In my early childhood, before I started school, I remember her sitting at her Kenmore machine, giving the flywheel a start with the palm of her right hand and keeping it humming along with her right knee pressed against the lever protruding below the cabinet.

We had a Crosley portable radio with two big dials: an alarm clock on the left and the radio dial on the right. A knob beneath each dial controlled the volume and the tuner. It was blue. Usually it was in the kitchen, but my mom would place the radio on the floor beneath the drop-leaf surface of the sewing machine while she worked. Sometimes I’d lay on the floor, propped on my elbows, staring with curiosity as the rhythmic chchchch of the machine accompanied whatever was playing on the radio. The only thing I can remember coming from that radio, though, was Arthur Godfrey saying, “How wah ya, how wah ya, how wah ya?”

Once, while I was playing in another part of the house, I heard my mother cry out in pain. I ran to where she sat at her machine and saw the little mound of blood well up from the center of her fingernail. I don’t remember what happened next, nor do I know how far, if not all the way through, the needle went. All I can retrieve from my memory is that little spot of blood.

It was 1955, and I was four years old. Near our house was what I thought of as “the woods.” For all I know, it could have been just a small patch of scrawny trees.

One day as I passed by the sewing room, my mother hunched over her project, I called out, telling her I was going to go to the woods. Over the chunk of the sewing machine she called back, “Okay.” So off I went. Sometime later (whether two minutes or 20), satisfied with my adventure, I strolled back to the house where my frantic mother, both relieved and angry, shouted, “How dare you leave this house without telling me where you’re going! I’ve been calling and calling for you!”

“But you told me I could play in the woods,” I said.

“I most certainly did not.”

“But I heard you. You said it was okay.”

She was unmoved. “Don’t you lie to me, Paul Edward!”

I was crushed and confused. Could I have been wrong? After all, her back was to me. Had she not heard me over the machine? Had she thought I’d said something else? Did I imagine she said it was okay only because I wanted her to? Did I not really call out as loudly as I’d thought, knowing if she were to hear me she certainly would have said no? I don’t know, I don’t know, I don’t know.

I do know this: I have heard my mother’s voice, deep in my mind, dozens of times throughout my life. Each time she calls just my name, just once: “Paul.” It’s not an angry or frantic cry, as it must have been when she discovered me missing. Rather, it’s as though she were calling me into the kitchen for a bowl of tomato soup and a grilled cheese sandwich. Her voice, clear and crisp.
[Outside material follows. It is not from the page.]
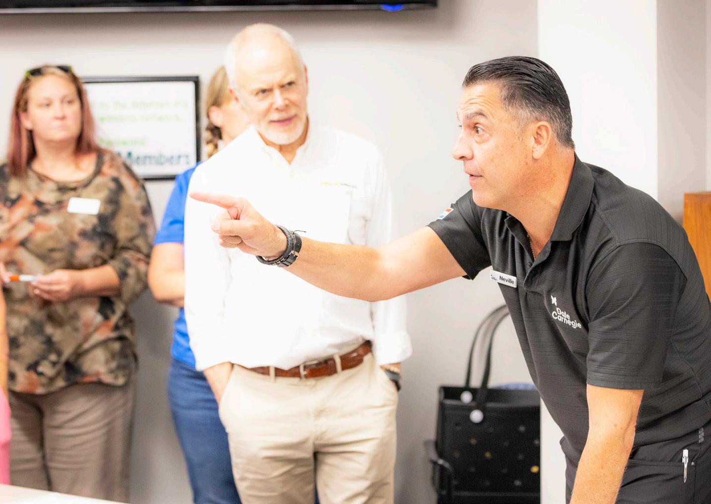 At right, Neville De Lucia, president and CEO of Dale Carnegie Training Central & Eastern North Carolina, shares tips with GMA members on how to be a better negotiator.

My father would describe this sort of thing as “your mind playing tricks on you.” I heard that phrase a lot growing up. Maybe it was about a sinister shadow in the corner or the creaks of the house settling in for the night sounding as though someone were creeping right outside my bedroom door.

These little tricks keep me busy all day long as I spontaneously navigate through millions of perceptions—what I hear, see, touch, smell, taste, and think—each day, every day. What a challenge. Without perception neither I nor you could function. Most perceptions are correct and accurate enough interpretations of our surroundings to guide along without difficulty. Some perceptions are inaccurate and, I suspect, most misperceptions go unnoticed because they have no immediate impact. Sometimes, though, misperceptions will lead to bad decisions, petty arguments, embarrassing moments, collisions, missed appointments, unhappy marriages, disastrous political consequences, and war.

Errors in perception have great potential for disaster because with every perception comes the potential for deception. Every one of them. My wandering away from home one day in 1955—based on a simple misperception in my oh-so-young mind—could have ended differently.

On the Spectrum of Ignorance and Wisdom

 

“Spectrum” initially referred to the range of colors displayed as a continuum when white light disperses through a prism. Today we use the word to describe any continuum on which a condition, person, or group might fall. Political spectrum is a good example. The phrase “on the spectrum” applies to people with a variety of social disorders, usually lumped together as some form of autism.

Just about anything displaying subtle gradations can be placed on a spectrum line. Some, like your intelligence quotient, is quantified by IQ points based on testing. Others are not so easy to pin down. What I have in mind is the spectrum of ignorance to wisdom.

This is tricky territory for the same reason we don’t, in polite company anyway, make judgements about a person’s IQ—which we aren’t likely to know—and how smart they are. Another reason it’s tricky is that words like ignorance and wisdom will mean different things to different people and under different circumstances.

Merriam-Webster defines wisdom as: “knowledge that is gained by having many experiences in life; the natural ability to understand things that most other people cannot understand; knowledge of what is proper or reasonable; good sense or judgment.”

The same source defines ignorance as: “a lack of knowledge, understanding, or education; the state of being ignorant.”

In other words, ignorance is the lack of wisdom.

People with low IQs or an overall lack of wisdom don’t generally brag about such things (which they may not even be aware of). Some people, though, do like to brag about their high IQs and how smart—and wise—they are.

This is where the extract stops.